Key Responsibilities:
- Lead the design and deployment of deep learning models for real-world applications in computer vision, NLP, time series forecasting, and autonomous systems
- Architect, train, and optimize advanced neural network models, including CNNs, RNNs, LSTMs, GANs, VAEs, and Transformers (BERT, GPT, Vision Transformers)
- Develop large-scale deep learning pipelines using TensorFlow, PyTorch, JAX, and Keras
- Implement and optimize transfer learning techniques (ResNet, EfficientNet, YOLO, CLIP, DINO, Whisper)
- Optimize deep learning models for speed, efficiency, and accuracy using pruning, quantization, knowledge distillation, and NAS (Neural Architecture Search)
- Deploy and manage AI models at scale using Docker, Kubernetes, TensorFlow Serving, ONNX, and NVIDIA Triton Inference Server
- Leverage GPU acceleration and distributed computing (NVIDIA CUDA, TensorRT, Ray, Horovod) for large-scale model training
- Work with cloud-based ML platforms (AWS SageMaker, Google Vertex AI, Azure ML, Snowflake) for scalable AI solutions
- Implement real-time AI applications and Edge AI solutions for IoT and embedded AI models
- Automate model lifecycle management using CI/CD, MLflow, Kubeflow, Airflow, and feature stores
- Collaborate with research teams to integrate cutting-edge AI research and self-supervised learning methods
- Ensure AI fairness, explainability, and compliance with SHAP, LIME, and AI governance frameworks
- Mentor and train junior AI engineers, enforcing deep learning best practices
Skills and Knowledge Required:
- Expert-level Python proficiency (R, Scala, Julia optional)

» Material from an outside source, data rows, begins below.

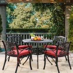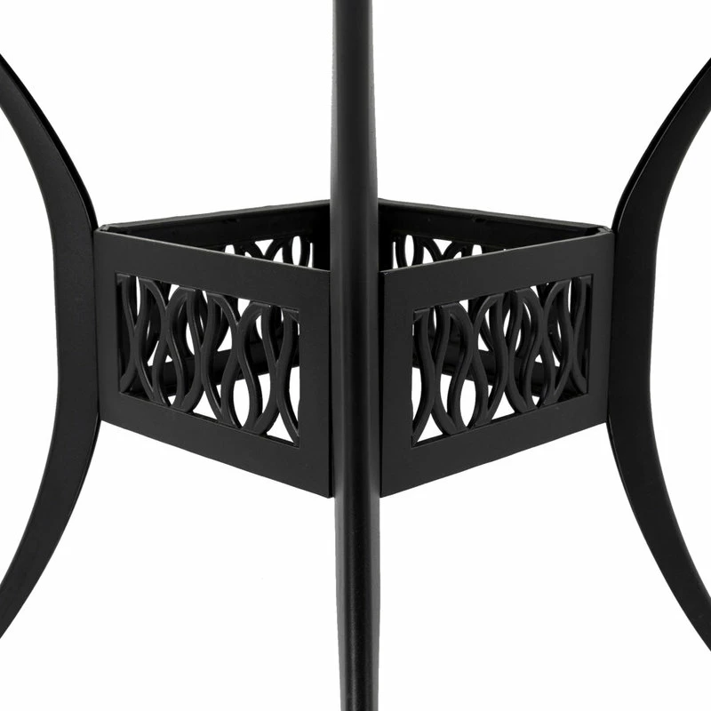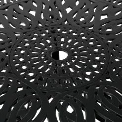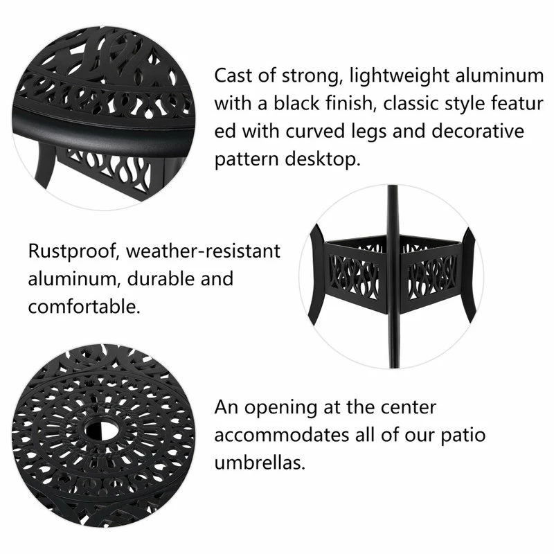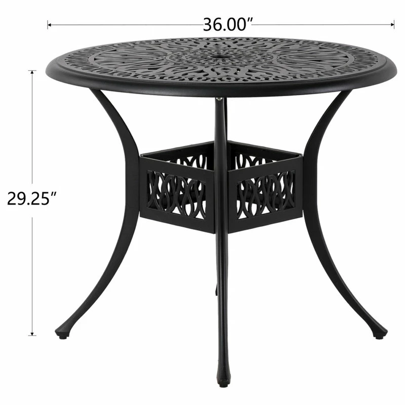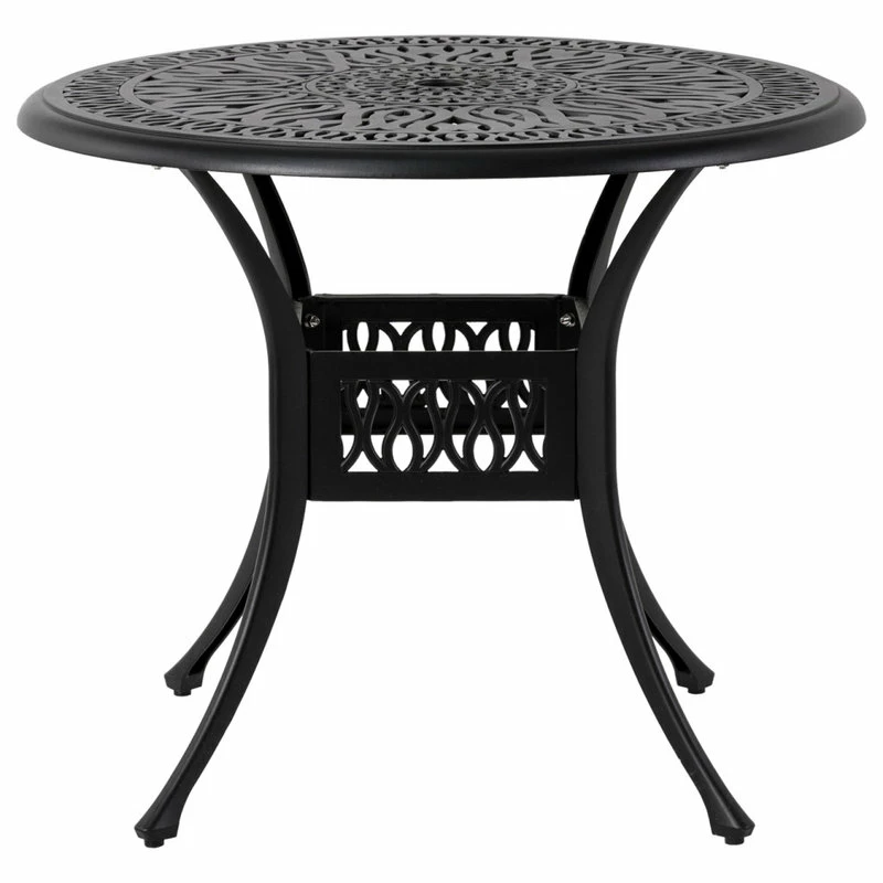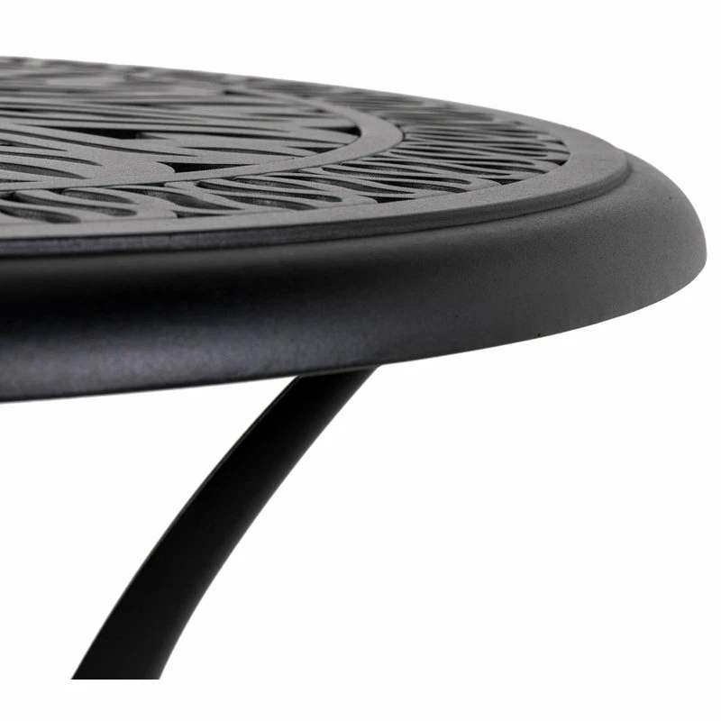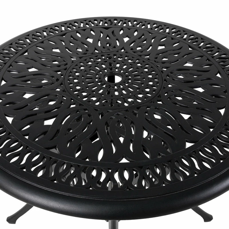 The dining table is suitable for any cast aluminium patio furniture in your garden, patio, or courtyard. Crafted from cast aluminum and a powder-coated black finish that wards off wear from weather and UV without any maintenance. Round desktop with dense weave motif that highlights its elegant hand-crafted details.
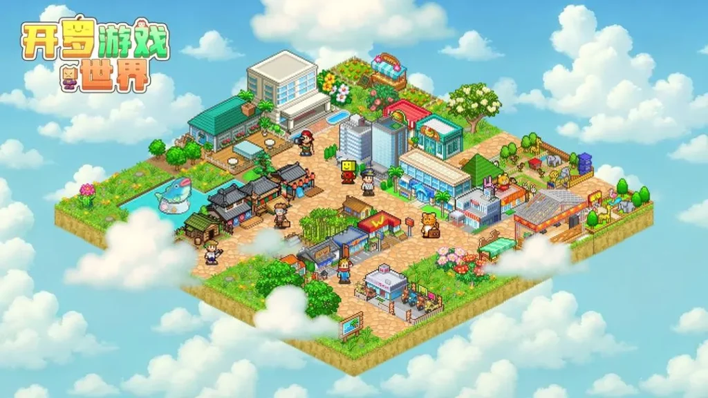 《開羅遊戲世界》遊戲宣傳圖,展示像素風格嘅繁華遊戲街道
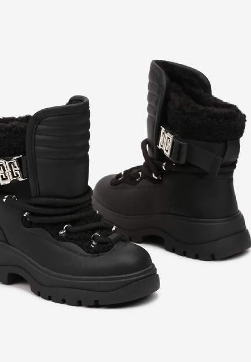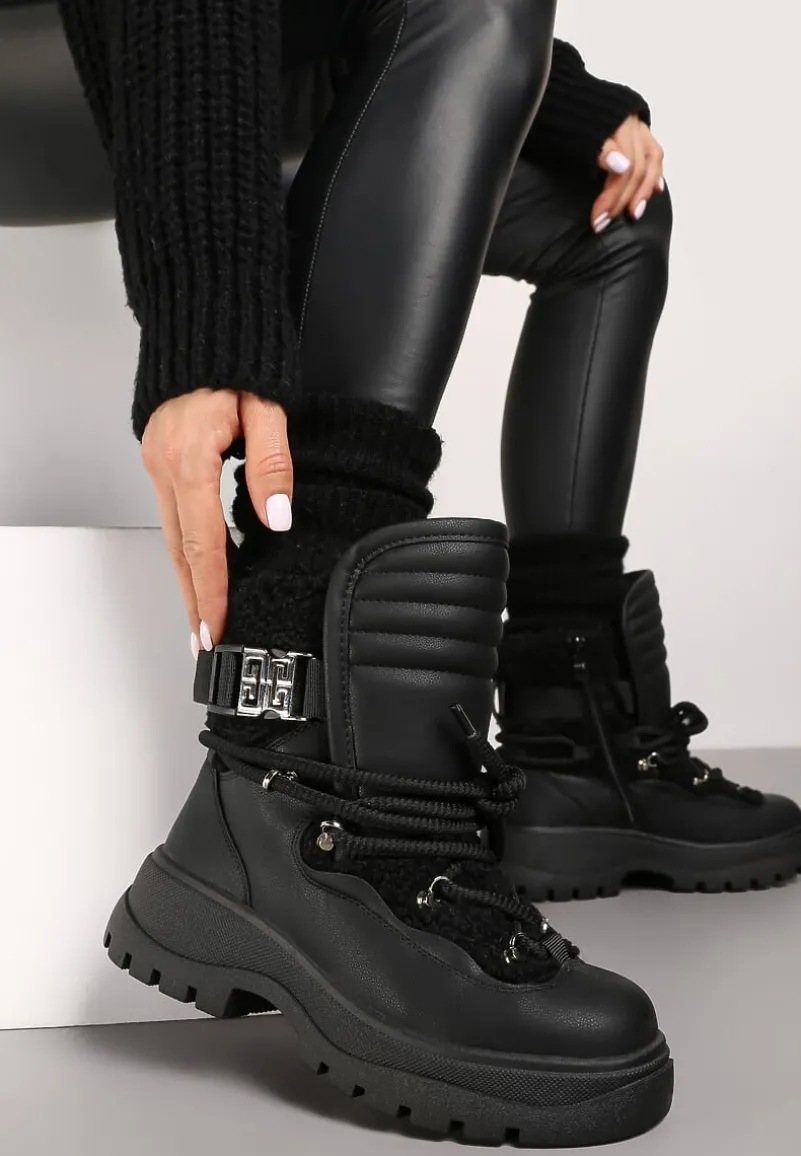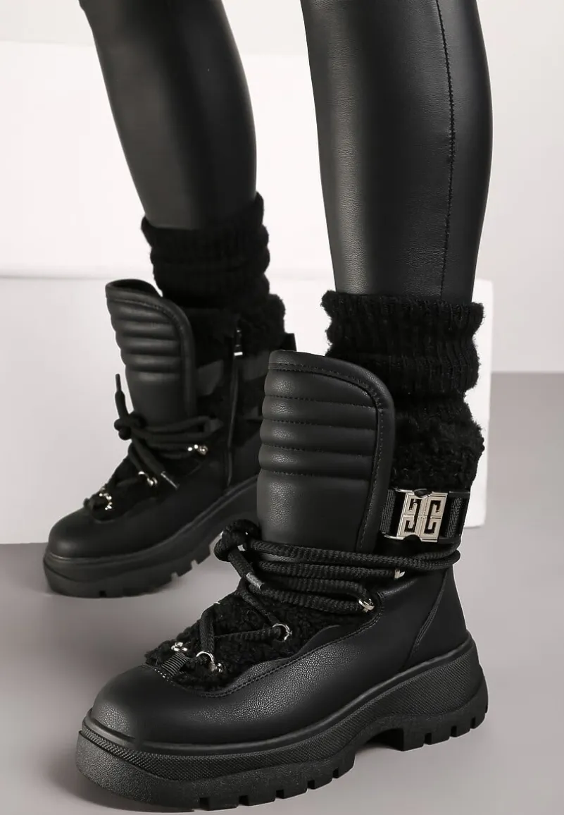 Śniegowce Reanwenna to doskonałe połączenie stylu i funkcjonalności, idealne na zimowe dni. Grube sznurowanie oraz futrzana cholewka z klamrą dodają im niepowtarzalnego charakteru, a podeszwa na platformie zapewnia pewny krok. Dzięki ociepleniu, te buty sprawdzą się zarówno na codzienne miejskie eskapady, jak i podczas wieczornych wyjść, np. z ciepłym, dzianinowym swetrem i jeansami. Wersja formalna? Połącz je z eleganckim płaszczem i wełnianym szalem, aby wyglądać stylowo i z klasą.
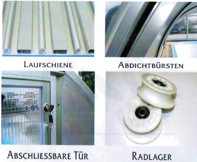 und Laufschienen in der Länge der Überdachung, hergestellt aus Aluminium.
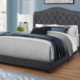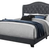 Give your bedroom a master appearance with this luxurious queen size bed frame and wing back headboard, upholstered in a rich dark grey velvet-look fabric. The gently curved classic style of this floor length headboard, outlined with a chrome nailhead trim and cushioned diamond tufting, gives the bed a statement making flair. The clean lines of the upholstered sides and front frame brings a contemporary touch. The black plastic block-style legs slightly angled at the front, adds stability to the whole bed frame. The box spring and mattress is not included and must be purchased separately. All parts and assembly instructions are included.
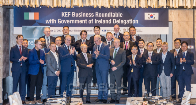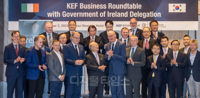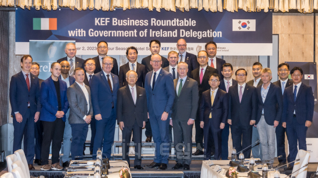 손경식 한국경영자총협회장과 사이먼 코브니 아일랜드 기업통상고용부 장관 등 참석자들이 2일 서울 종로구 포시즌스호텔 누리볼룸에서 열린 아일랜드 대표단 초청 경총 기업인 간담회에서 기념촬영을 하고 있다.
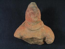 | Description / विवरण | It s a human figurine made by terracotta. Colour is ochred and not well fired. It is wearing a necklace and bottom portion is lost. Features are not clearly visible and rubbing on the surface. |
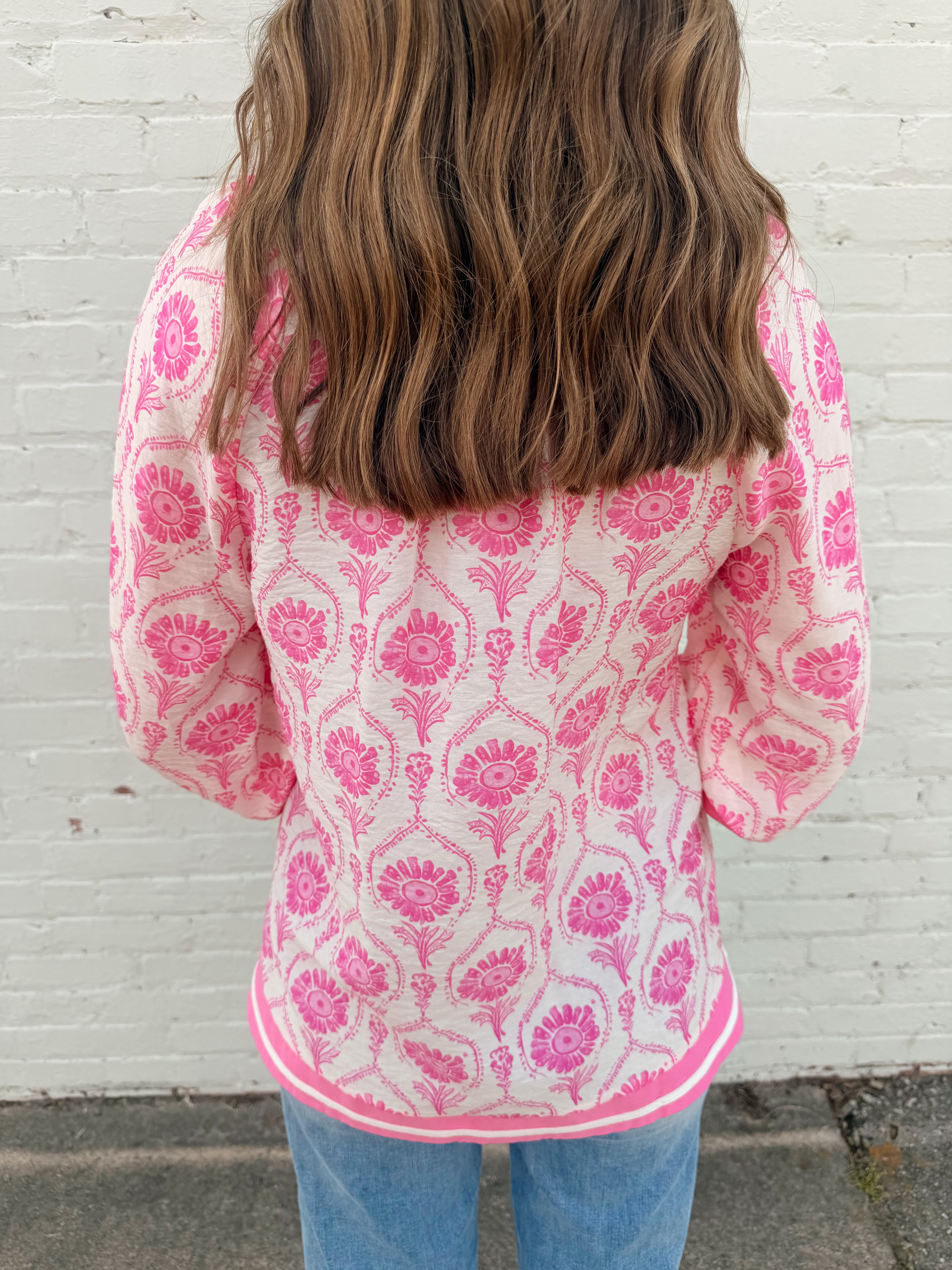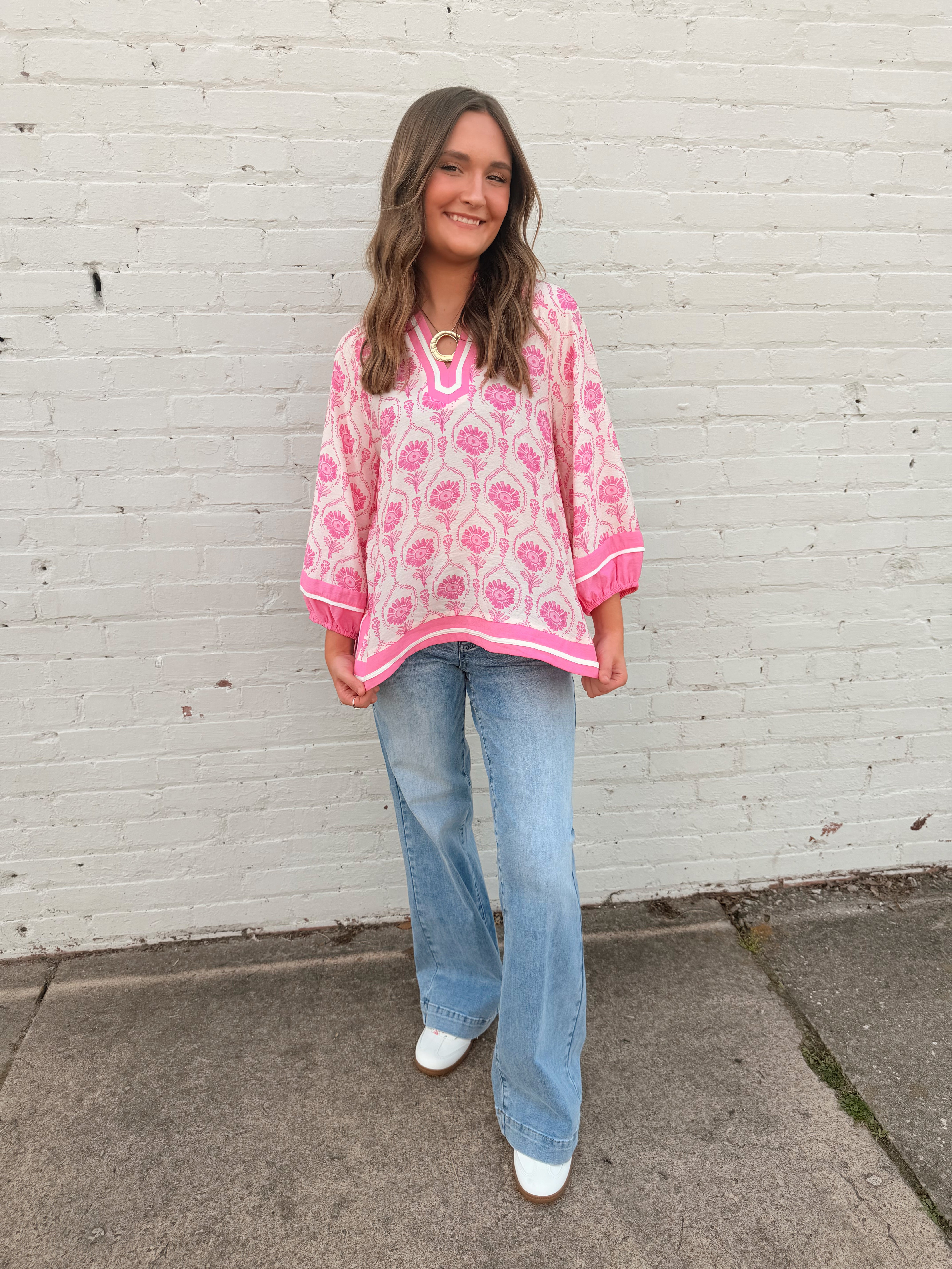 Add a splash of color and charm to your wardrobe with this vibrant pink floral tunic. Featuring a beautiful, intricate print and a relaxed, flowy fit, this top is perfect for warm-weather days. The split neckline with contrast trim adds a chic touch, while the three-quarter length sleeves with elastic cuffs provide a comfortable and stylish finish. Pair it with your favorite jeans or white pants for an effortlessly polished look.
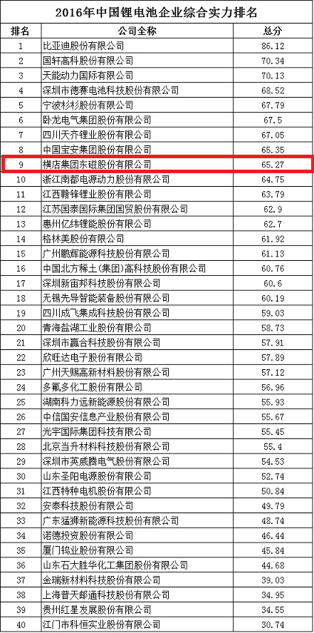 近日,新華網(wǎng)聯(lián)合唐宋大數(shù)據(jù)產(chǎn)業(yè)股份有限公司在北京發(fā)布的《2016年中國鋰電池企業(yè)綜合實力排名》榜單,對國內(nèi)主要鋰電池企業(yè)的綜合實力進行排名。于去年底開始組織實施鋰離子動力電池項目的橫店集團東磁股份有限公司,以其強大的實力和發(fā)展速度,強勢進入中國鋰電池企業(yè)前十榜單,位列第九。
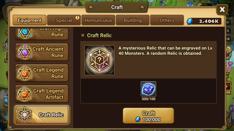 : The existing \[Runes/Artifacts] menu has been renamed to \[Equipment], and you can craft Relics under this menu. The main and unique properties of crafted Relics are assigned randomly.
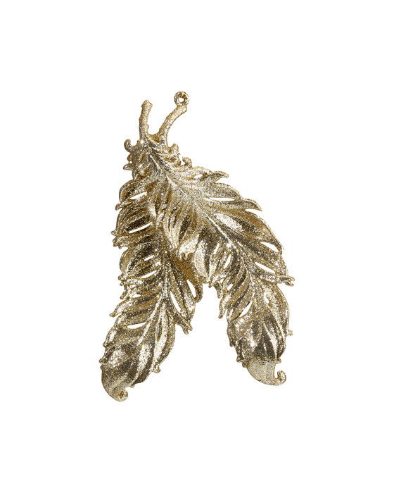 Denna vackra julgransdekoration i form av två guldglittrande fjädrar kommer att ge din gran en elegant och glittrande touch. Med sin skimrande yta och detaljerade design reflekterar den ljuset och skapar en härlig julkänsla i ditt hem.
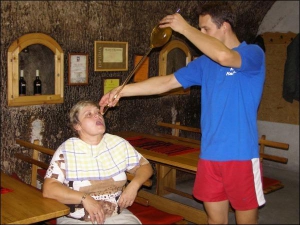 Пирушка Киш разговаривает с туристами через переводчика. Однако персонал погреба немного понимает украинский. Этого достаточно, чтобы выбрать и купить вино.
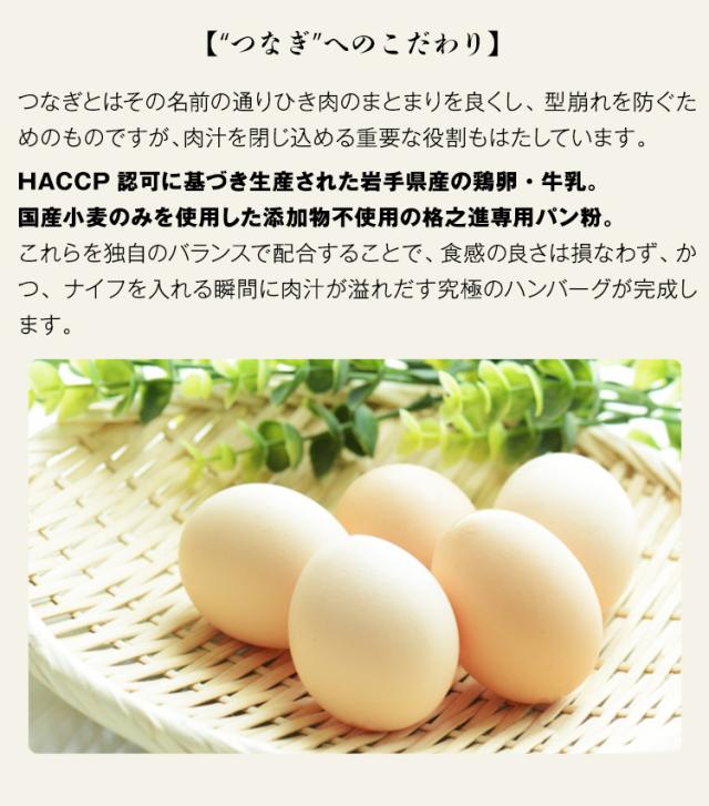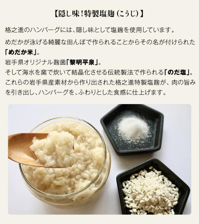 【原材料名】食肉(豚肉(国産)、牛肉(国産))、ソテードオニオン(玉葱)、つなぎ(鶏卵、パン粉(小麦を含む)、牛乳)、牛脂(国産)、塩麹(米、米麹、食塩)、食塩、香辛料、オニオンエキス
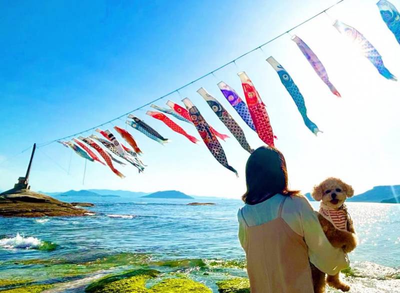 キラキラの海と空を泳ぐこいのぼり。飼い主さんの抱っこに安心しながら、初夏の小豆島を楽しんでいる様子が伝わってきます。

- Extensive experience with deep learning frameworks (TensorFlow, PyTorch, JAX, Keras)
- Strong understanding of advanced AI architectures, including transformers (BERT, GPT, T5, DINO), GANs, and self-supervised learning
- Experience in distributed deep learning using Horovod, Ray, Spark ML, and Dask
- Proficiency in cloud-based AI platforms (AWS SageMaker, Google Vertex AI, Azure ML, Snowflake ML)
- Expertise in hyperparameter tuning and AutoML techniques (Optuna, HyperOpt, Bayesian Optimization)
- Strong knowledge of reinforcement learning frameworks (Stable-Baselines3, RLlib, OpenAI Gym)
- Hands-on experience in deploying AI models at scale using CI/CD pipelines (Jenkins, Terraform, MLflow, Kubeflow)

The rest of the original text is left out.